Żubry na talerzu. Jak smakuje i skąd pochodzi żubrzyna?

5 godzin temu
Pierogi z żubrem, tatar z żubrzyny, comber z żubra - takie danie w przeszłości, gdy żubry nie były chronione gościły na polskich stołach. Kosztowali je głównie bogacze, bo choćby 200 lat temu mięso tego wielkiego ssaka uchodziło za rzadki rarytas i wyjątkowy przysmak. Ale dzisiaj? Mięso żubra przez cały czas spotyka się na polskich stołach, choć znacznie rzadziej. Gdzie są te ekskluzywne dania, kojarzone z dziczyzną najwyższej klasy, które zaskakują wielu smakoszy w naszym regionie? Jak to możliwe, iż znajdujemy żubrzynę (tak nazywa się mięso żubra) na talerzach skoro, skoro żubr to gatunek całkowicie chroniony w Polsce? Żubr to symbol województwa podlaskiego. Tłumy odwiedzające województwo podlaskie widzą postać tego dostojnego zwierza w logotypie, a wiele osób odwiedza miejsca, gdzie można zobaczyć żywego żubra. Okazuje się, iż ten największy ssak lądowy Europy, symbol Puszczy Białowieskiej, trafia na talerze. Ale spokojnie: trafia tam w ściśle kontrolowany i legalny sposób. Żubrzyna to jeden z najrzadszych rodzajów dziczyzny w Polsce, ceniony nie tylko za unikalny smak, ale także za wyjątkowe wartości odżywcze.

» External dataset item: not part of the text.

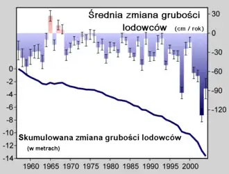 Na podstawie zdjęć satelitarnych naukowcy oszacowali, że w latach 2000–2019 masa lodowców średnio zmniejszała się o około 267 mld ton rocznie a tempo ubytku powiększało się o około 48 mld ton na dekadę[79].

Nie, to nie znaczy, iż ktoś morduje żubry, bo turyści lub mieszkańcy podlaskiego nabrali apetytu na żubrzynę. Sekret tkwi w ściśle regulowanych procesach. Głównym źródłem żubrzyny w Polsce są kontrolowane odstrzały selekcyjne przeprowadzane przez leśników w Puszczy Białowieskiej. Specjalna komisja ocenia kondycję zdrowotną puszczańskich żubrów, typując osobniki chore, z niekorzystnym genotypem, ranne, agresywne lub takie, których zbyt duża liczebność zagraża środowisku lub mieniu.